Exercise description » All of the entries must be reproduced exactly, with no images carried over.

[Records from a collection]
* * * *
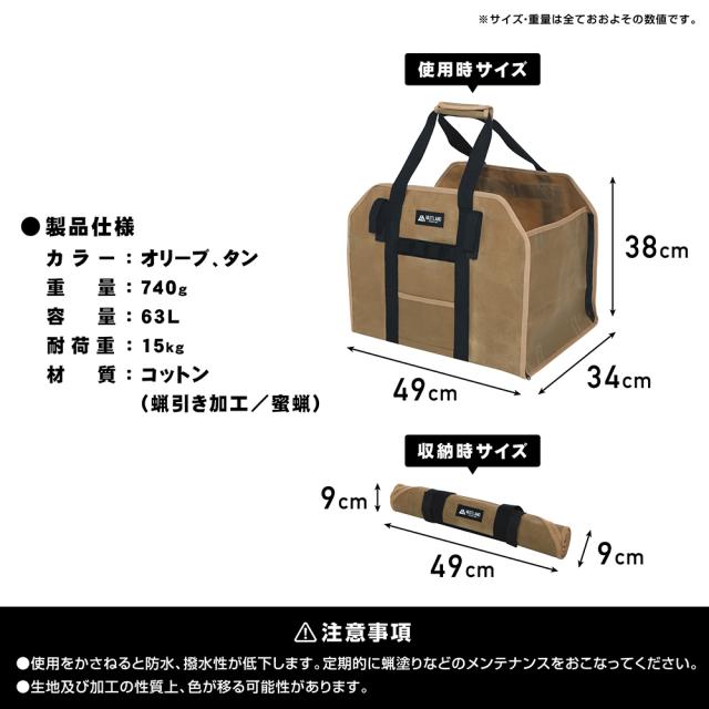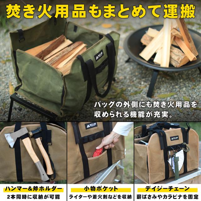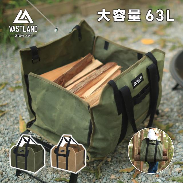 VASTLAND 薪バッグ 容量63L 焚き火用品 キャンプ バッグ 蝋引き帆布生地 防水・撥水加工 薪置き デイジーチェーン付き
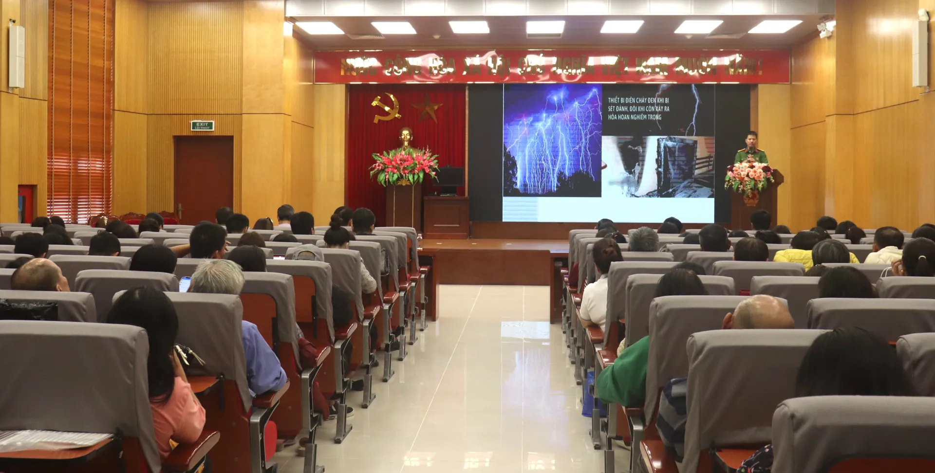 Các đại biểu và cán bộ phòng cháy chữa cháy ở cơ sở tham dự tập huấn công tác phòng cháy, chữa cháy và cứu nạn, cứu hộ trên địa bàn phường Bạch Mai năm 2025
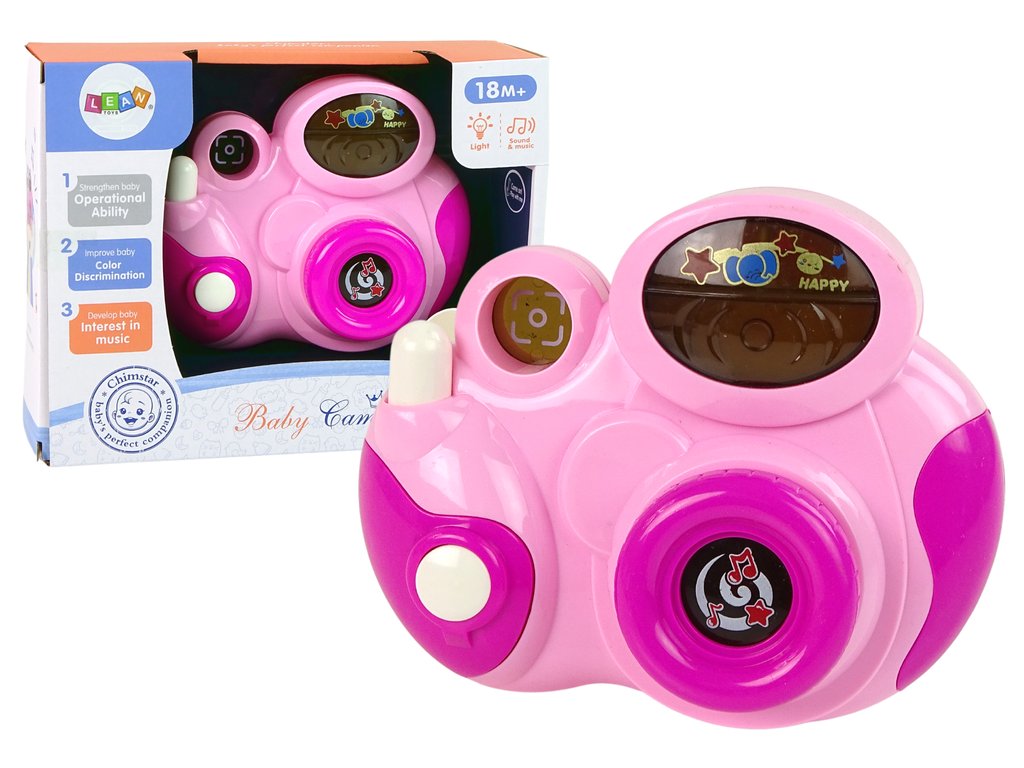 Má skutečné zvuky fotoaparátu: vydává zvuk „cvaknutí“ skutečného fotoaparátu. Má 3 melodie při stisknutí tlačítek a také barevná světla pro simulaci blesku. Interaktivní kamera rozvine koordinaci oko-ruka vašeho dítěte.
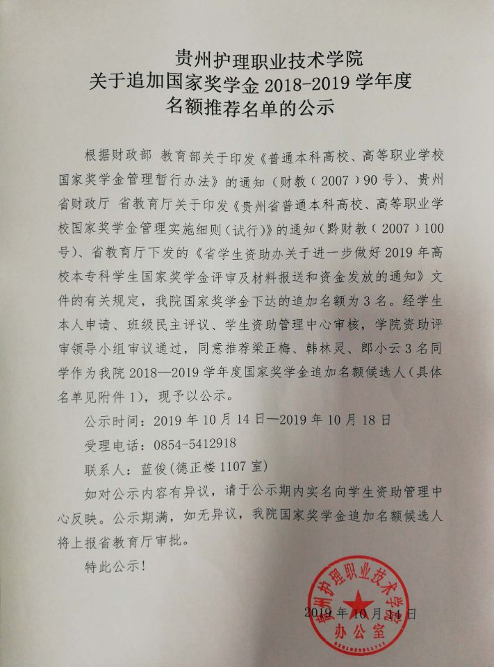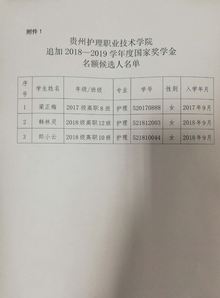 关于追加国家奖学金2018-2019学年度名额推荐名单的公示
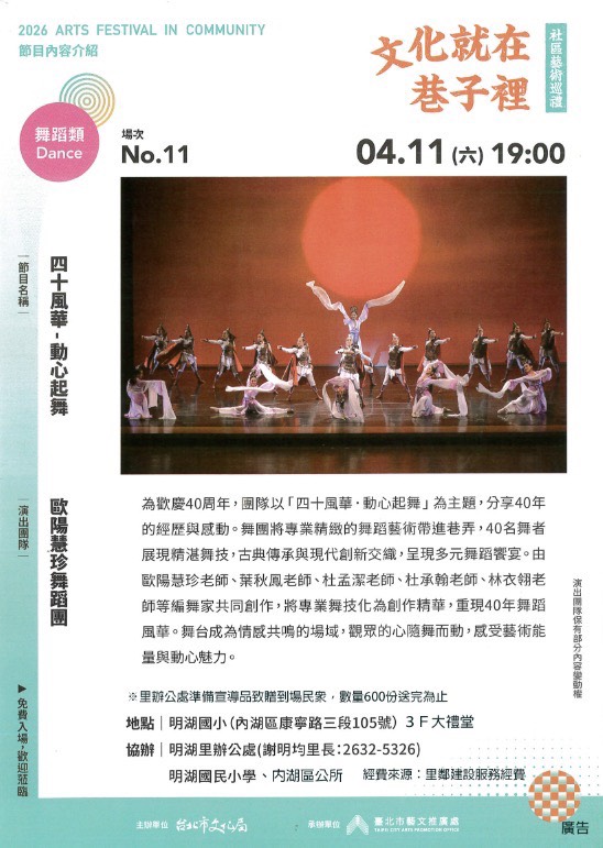 歐陽慧珍舞蹈團於本校禮堂演出,歡迎闔家觀賞。
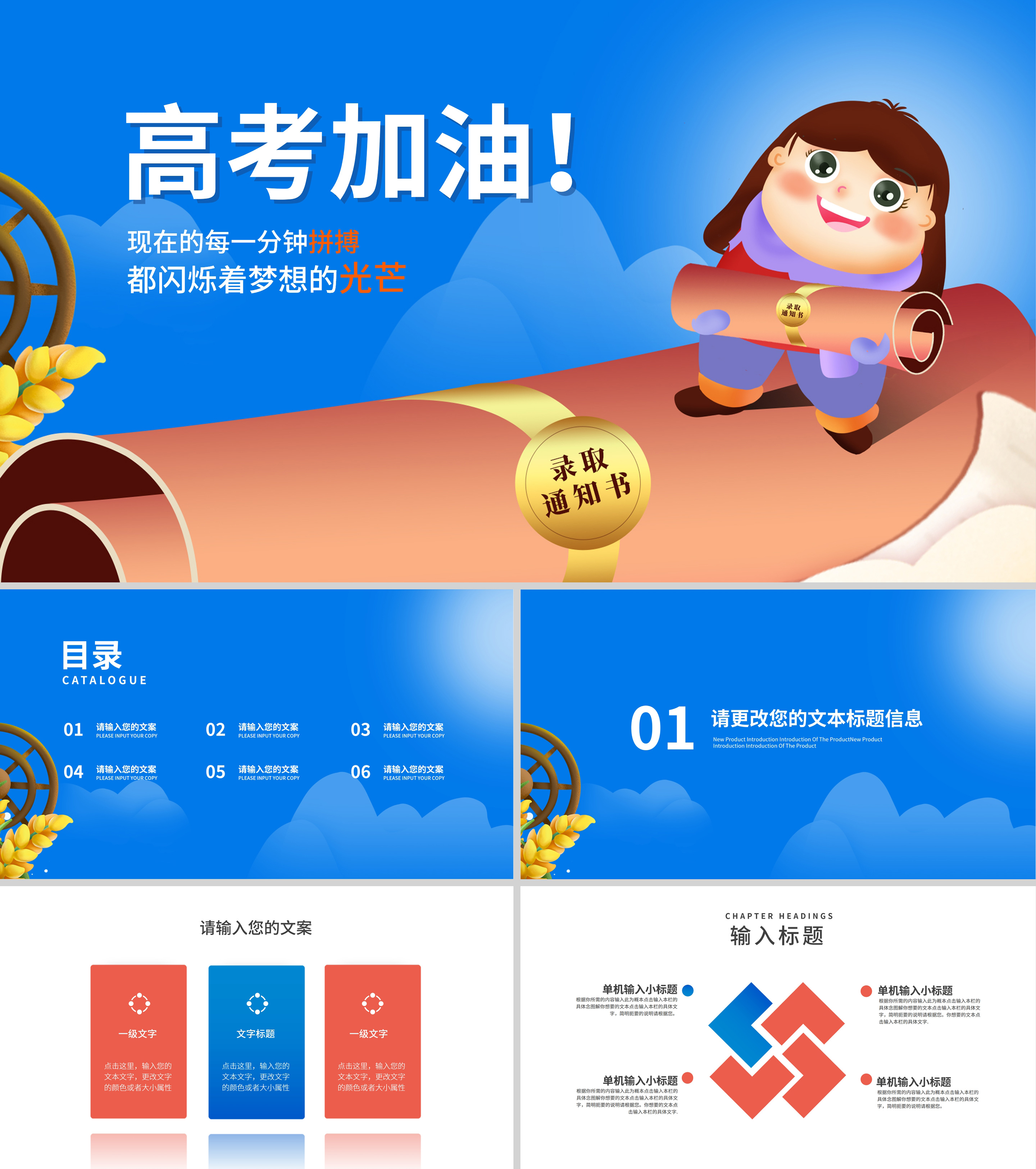 蓝色卡通风录取通知高考加油PPT模板
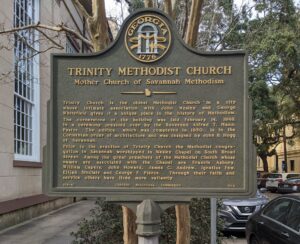 Prior to the erection of Trinity Church the Methodist congregation in Savannah worshipped in Wesley Chapel on South Broad Street. Among the great preachers of the Methodist Church whose names are associated with the Chapel are Francis Asbury, William Capers, John Howard, James C. Andrew, Ignatus Few, Elijah Sinclair and George F. Pierce. Through their faith and service others have lived more valiantly.
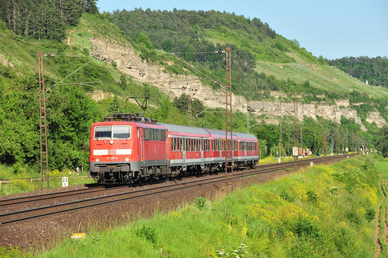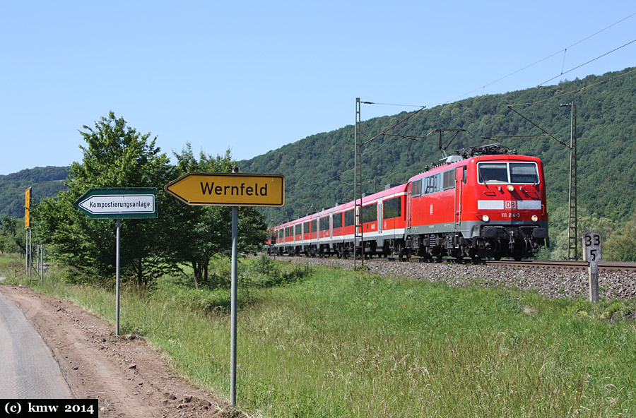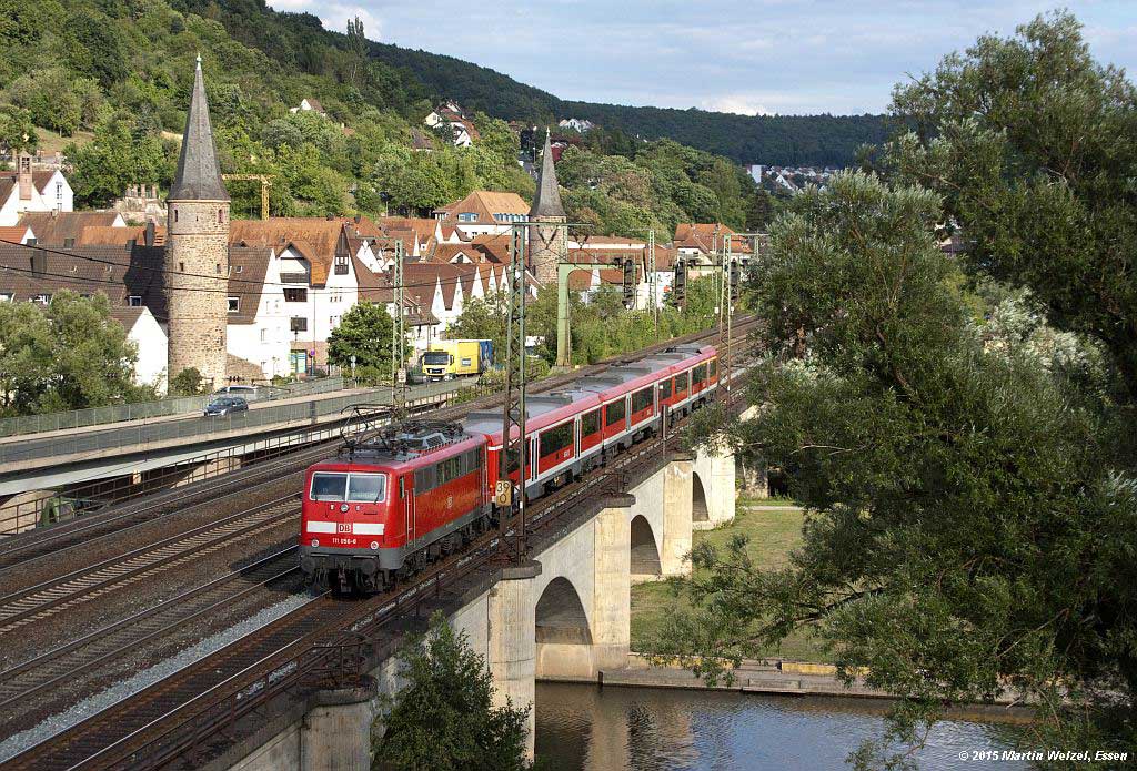km 39,0 in Gemünden (Main) - 111 056 schiebt RB 58379 (Aschaffenburg-Gemünden)
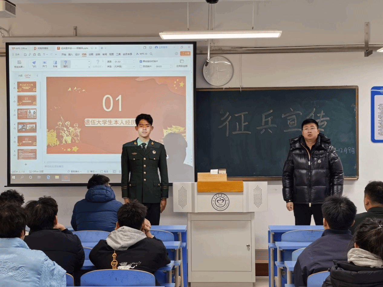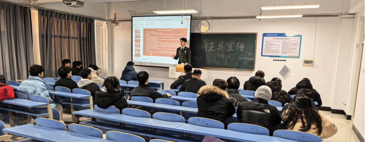 为深入贯彻落实国家征兵工作相关要求,切实做好2026年征兵宣传动员工作,激发学院学子投身军营、报效祖国的热情,12月9日,信息与控制工程学院在明德楼512教室召开征兵政策宣传宣讲会。学院征兵工作负责人屠盛达主持会议,特别邀请校军事教育协会行政主席相博译、信息学院退役士兵李权真担任分享嘉宾,学院各年级意向参军学生积极参会。
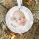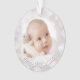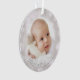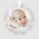 Celebrate the first holiday season with your new baby with this cute Holiday Photo Ornament. Add your favourite baby or children's photos. Change the text for to create a unique personalised keepsake memento to hang on your tree and enjoy for years to come, or send as greetings to friends and loved ones far away. Can also be used to create your own fun and memorable gift tags or birth announcements for the special people on your list ... mum, dad, grandparents, sisters and brothers, etc. 2-sided, 2 photos -- Frosty white wreath frame with optional custom curved text.
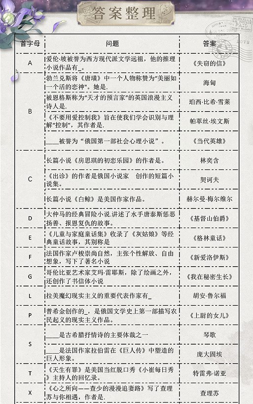 光与夜之恋长思今寄答案大全-长思今寄书海文渊答案攻略
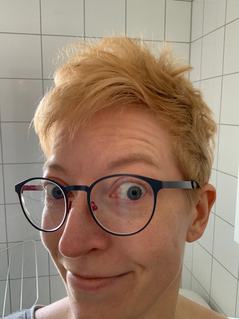 Ebenfalls heute: zum ersten Mal von Herrn Rabe die Haare schneiden lassen. Nur im Nacken/um die Ohren/am Hinterkopf, aber das macht er schon sehr gut, bestimmt könnte er obendrauf auch, aber das hat jetzt eine gute Länge für eine Megan Rapinoe inspirierte Frisur hinzubekommen. Ich feiere diese Frau sehr und wenn sie die noch nicht kennen, Googlen sie die ruhig mal. Morgen mache ich mal im Tageslicht Fotos von Farbe und Schnitt.
* * * *
Output »
 VASTLAND 薪バッグ 容量63L 焚き火用品 キャンプ バッグ 蝋引き帆布生地 防水・撥水加工 薪置き デイジーチェーン付き
 Các đại biểu và cán bộ phòng cháy chữa cháy ở cơ sở tham dự tập huấn công tác phòng cháy, chữa cháy và cứu nạn, cứu hộ trên địa bàn phường Bạch Mai năm 2025
 Má skutečné zvuky fotoaparátu: vydává zvuk „cvaknutí“ skutečného fotoaparátu. Má 3 melodie při stisknutí tlačítek a také barevná světla pro simulaci blesku. Interaktivní kamera rozvine koordinaci oko-ruka vašeho dítěte.
 关于追加国家奖学金2018-2019学年度名额推荐名单的公示
 歐陽慧珍舞蹈團於本校禮堂演出,歡迎闔家觀賞。
 蓝色卡通风录取通知高考加油PPT模板
 Prior to the erection of Trinity Church the Methodist congregation in Savannah worshipped in Wesley Chapel on South Broad Street. Among the great preachers of the Methodist Church whose names are associated with the Chapel are Francis Asbury, William Capers, John Howard, James C. Andrew, Ignatus Few, Elijah Sinclair and George F. Pierce. Through their faith and service others have lived more valiantly.
km 39,0 in Gemünden (Main) - 111 056 schiebt RB 58379 (Aschaffenburg-Gemünden)
 为深入贯彻落实国家征兵工作相关要求,切实做好2026年征兵宣传动员工作,激发学院学子投身军营、报效祖国的热情,12月9日,信息与控制工程学院在明德楼512教室召开征兵政策宣传宣讲会。学院征兵工作负责人屠盛达主持会议,特别邀请校军事教育协会行政主席相博译、信息学院退役士兵李权真担任分享嘉宾,学院各年级意向参军学生积极参会。
 Celebrate the first holiday season with your new baby with this cute Holiday Photo Ornament. Add your favourite baby or children's photos. Change the text for to create a unique personalised keepsake memento to hang on your tree and enjoy for years to come, or send as greetings to friends and loved ones far away. Can also be used to create your own fun and memorable gift tags or birth announcements for the special people on your list ... mum, dad, grandparents, sisters and brothers, etc. 2-sided, 2 photos -- Frosty white wreath frame with optional custom curved text.
 光与夜之恋长思今寄答案大全-长思今寄书海文渊答案攻略
 Ebenfalls heute: zum ersten Mal von Herrn Rabe die Haare schneiden lassen. Nur im Nacken/um die Ohren/am Hinterkopf, aber das macht er schon sehr gut, bestimmt könnte er obendrauf auch, aber das hat jetzt eine gute Länge für eine Megan Rapinoe inspirierte Frisur hinzubekommen. Ich feiere diese Frau sehr und wenn sie die noch nicht kennen, Googlen sie die ruhig mal. Morgen mache ich mal im Tageslicht Fotos von Farbe und Schnitt.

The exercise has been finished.